F. A.: Sobre elBulli hay muchas leyendas, pero yo soy un loco de los números. En 2001 dejé de ganar un millón y medio de euros de la época por cerrar a mediodía para tener más tiempo para crear. Ahora existe el mito de que los restaurantes de alta cocina no son rentables, pero es mentira. ¿Cuánto cuesta comer en Noma? [el restaurante de René Redzepi en Copenhague, considerado uno de los mejores del mundo].

C. C.: El menú en Noma son unos 600 euros y este verano yo pagué 800 euros con vino. Pero hay una voluntad de pagarlo, aquí en España no, mira la que se armó cuando subió el precio Dabiz Muñoz —en 2022, el menú degustación sin maridaje en DiverXO pasó de 250 a 365 euros—.

F. A.: Sí, pero ¿quién la arma?

C. C.: La opinión pública.

F. A.: Tú sabes que la guía Michelin nació para el turismo, ¿no? Pues igual los restaurantes de alto nivel. España tiene la suerte de ser uno de los países más visitados del mundo y la mayoría de los restaurantes con dos y tres estrellas no funcionan sin turismo gastronómico.

¿Y cómo era antes del turismo gastronómico?

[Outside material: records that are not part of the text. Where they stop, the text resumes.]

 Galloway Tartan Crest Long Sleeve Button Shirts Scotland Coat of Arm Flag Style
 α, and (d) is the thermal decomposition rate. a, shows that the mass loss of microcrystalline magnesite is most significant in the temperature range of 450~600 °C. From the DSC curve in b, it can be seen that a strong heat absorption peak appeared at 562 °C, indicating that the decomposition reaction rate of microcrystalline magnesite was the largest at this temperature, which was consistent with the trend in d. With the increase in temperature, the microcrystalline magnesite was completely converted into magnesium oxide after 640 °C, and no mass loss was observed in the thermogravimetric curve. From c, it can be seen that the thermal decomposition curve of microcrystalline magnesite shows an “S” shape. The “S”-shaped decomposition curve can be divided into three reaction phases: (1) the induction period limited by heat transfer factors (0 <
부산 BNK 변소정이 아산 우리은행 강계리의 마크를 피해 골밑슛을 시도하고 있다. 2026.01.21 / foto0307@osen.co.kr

F. A.: En los ochenta tenías que coger el coche e ir a Francia. Durante 400 años, toda la creatividad culinaria de Occidente pasó allí. Ahora, la geogastronomía, un palabro que funciona muy bien, ha cambiado gracias a España.

Ferran Adrià y Carlos Casillas, retratados en el hotel Le Méridien Barcelona, donde transcurrió la charla.
Ferran Adrià y Carlos Casillas, retratados en el hotel Le Méridien Barcelona, donde transcurrió la charla.Vicens Giménez (© Vicens Gimenez)

¿Gracias a Ferran Adrià?

F. A.: No, gracias a España. ElBulli es la génesis, pero si no fuera por la generación de varias edades, donde nos juntamos cocineros como Arzak, Subijana, Berasategui, los Roca, los de la edad de mi hermano Albert, y, entre todos, hicimos un movimiento, no estaríamos ahora hablando. Se hubiera quedado en el loco Carioco en su restaurante, que es como me veían al principio.

¿Cómo se lleva haber estado durante tantos años arriba?

F. A.: El ego es una aberración. La vanidad y que se reconozca tu trabajo está bien, siempre que no sea excesivo. Lo mío no estaba en el guion. La gente se queda con que he sido cinco veces el mejor restaurante del mundo, pero lo importante de Ferran Adrià no está en la gastronomía. Tengo cinco honoris causa y lo digo porque el 99% de la gente, ni siquiera de la profesión, lo sabe. Fuimos los primeros en tener una Medalla de Oro de las Bellas Artes. He protagonizado 700 portadas… Siempre he sido muy naif y así lo he vivido todo. Si preguntas a la gente que me conoce, te dirán que soy una persona muy normal.

Y reservada. ¿Tiene Instagram?

F. A.: La fundación (elBullifoundation) sí, pero yo no tengo una cuenta mía personal. ¿A quién le puede interesar mi vida? A mi mujer la habréis visto dos veces como mucho. Si quieres respeto hay que hacerlo bien.

C. C.: ¿De qué es de lo que más orgulloso te sientes?

F. A.: De continuar generando ilusión a nuevas generaciones como la tuya. El gran reto que tenemos ahora en la cocina española es crear un top mundial en el ámbito creativo. Los próximos años están asegurados porque hay gente con trayectoria y buen nivel que se esfuerza por estar ahí. En la lista de los 50th best este año ganará Disfrutar, el segundo será DiverXO y estarán Joan (Roca), Andoni (Luis Aduriz), Quique (Dacosta), Ángel (León), etcétera. Pero tu generación es crucial y todo mi trabajo de ahora es para vosotros, para que en 15 años salgan dos o tres top mundiales, como tenemos en este momento.